● Given information
..............................

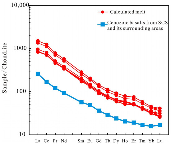 Trace element abundances in clinopyroxene reflect the trace element contents of the parental magma when the mineral grains segregate, which provides some clue as to the chemical composition of the parental magma [35,67]. REE exist mainly in the form of isomorphism in pyroxene. The clinopyroxenes from Well CK-2 belong to Ca-Mg-Fe series, which are beneficial to the isomorphism of REE [69]. Isomorphic replacement among cations in pyroxenes is a very common but complicated phenomenon. The change in elemental content reflects the difference in the degree of isomorphism, which may be due to the fractional crystallization. The clinopyroxene chondrite-normalized REE patterns and primitive mantle-normalized trace element patterns of the clinopyroxenites from Well CK-2 all show a similar LREE enrichment, depletion in Sr, Ba and Ta, and enrichment in Nb, suggesting that these clinopyroxenes are all derived from magma, with the same trace element characteristics. To further study the chemical composition of the parental magma, we calculated the REE contents of the hypothetical parental melt in clinopyroxene using the clinopyroxene/melt partition coefficient (Table S5) [34,64]. In the calculated chondrite-normalized REE diagram (Figure 8), all data for the calculated melts show a very strong enrichment in LREE. The calculated melt REE distribution patterns are similar to those of the volcanic rocks from the SCS and its surrounding areas [3,4,7,8,9,10,15,17,36,55,79,80] and to the typical intraplate oceanic island basalts (OIB) [81].
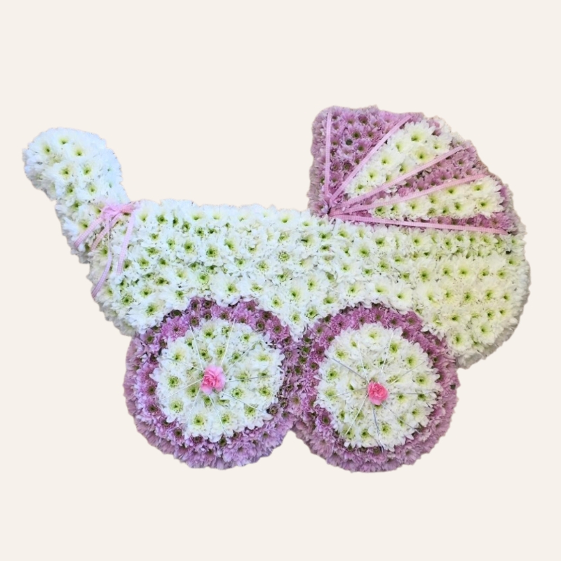 • Pink pram-shaped funeral tribute made with white and pink sprayed chrysanthemum, finished with pipe cleaner and spray-painted detailing, measuring approximately 80cm x 60cm.
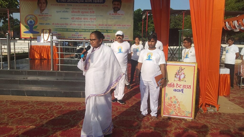 उत्तर प्रदेश सरकार में माध्यमिक शिक्षा राज्य मंत्री स्वतंत्र प्रभार व जनपद की प्रभारी मंत्री गुलाब देवी ने 11वीं अंतर्राष्ट्रीय योग दिवस का शुभारंभ करते हुए कहा कि योग मनुष्य के शारीरिक, मानसिक व बौद्धिक विकास में सहायक हैं। उन्होंने सभी से योग को अपने जीवन का
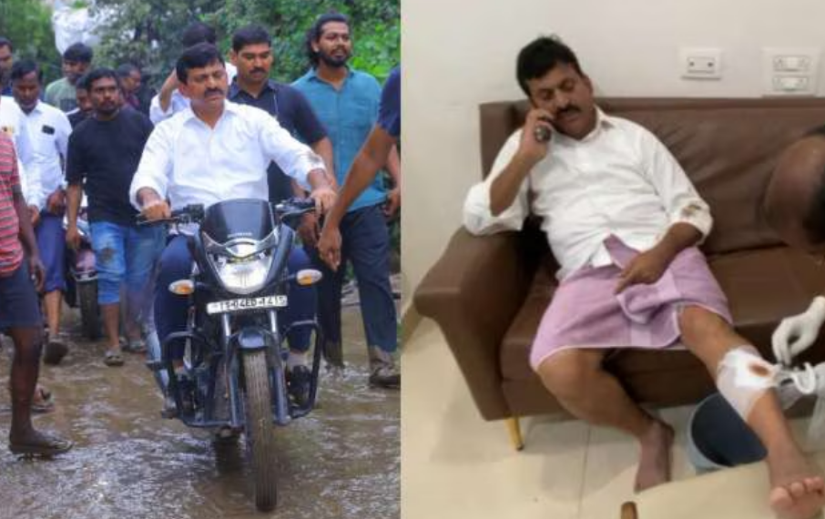 During his visit to the affected areas, Minister Ponguleti Srinivasa Reddy sustained injuries. The Minister was en route on a two-wheeler to engage in relief work when he fell from the vehicle and injured his leg. Immediate first aid was administered by his attendants.

..............................

● Your instructions
Set down all of the material word for word, but keep each picture out.

● Response to this exercise
 Trace element abundances in clinopyroxene reflect the trace element contents of the parental magma when the mineral grains segregate, which provides some clue as to the chemical composition of the parental magma [35,67]. REE exist mainly in the form of isomorphism in pyroxene. The clinopyroxenes from Well CK-2 belong to Ca-Mg-Fe series, which are beneficial to the isomorphism of REE [69]. Isomorphic replacement among cations in pyroxenes is a very common but complicated phenomenon. The change in elemental content reflects the difference in the degree of isomorphism, which may be due to the fractional crystallization. The clinopyroxene chondrite-normalized REE patterns and primitive mantle-normalized trace element patterns of the clinopyroxenites from Well CK-2 all show a similar LREE enrichment, depletion in Sr, Ba and Ta, and enrichment in Nb, suggesting that these clinopyroxenes are all derived from magma, with the same trace element characteristics. To further study the chemical composition of the parental magma, we calculated the REE contents of the hypothetical parental melt in clinopyroxene using the clinopyroxene/melt partition coefficient (Table S5) [34,64]. In the calculated chondrite-normalized REE diagram (Figure 8), all data for the calculated melts show a very strong enrichment in LREE. The calculated melt REE distribution patterns are similar to those of the volcanic rocks from the SCS and its surrounding areas [3,4,7,8,9,10,15,17,36,55,79,80] and to the typical intraplate oceanic island basalts (OIB) [81].
 • Pink pram-shaped funeral tribute made with white and pink sprayed chrysanthemum, finished with pipe cleaner and spray-painted detailing, measuring approximately 80cm x 60cm.
 उत्तर प्रदेश सरकार में माध्यमिक शिक्षा राज्य मंत्री स्वतंत्र प्रभार व जनपद की प्रभारी मंत्री गुलाब देवी ने 11वीं अंतर्राष्ट्रीय योग दिवस का शुभारंभ करते हुए कहा कि योग मनुष्य के शारीरिक, मानसिक व बौद्धिक विकास में सहायक हैं। उन्होंने सभी से योग को अपने जीवन का
 During his visit to the affected areas, Minister Ponguleti Srinivasa Reddy sustained injuries. The Minister was en route on a two-wheeler to engage in relief work when he fell from the vehicle and injured his leg. Immediate first aid was administered by his attendants.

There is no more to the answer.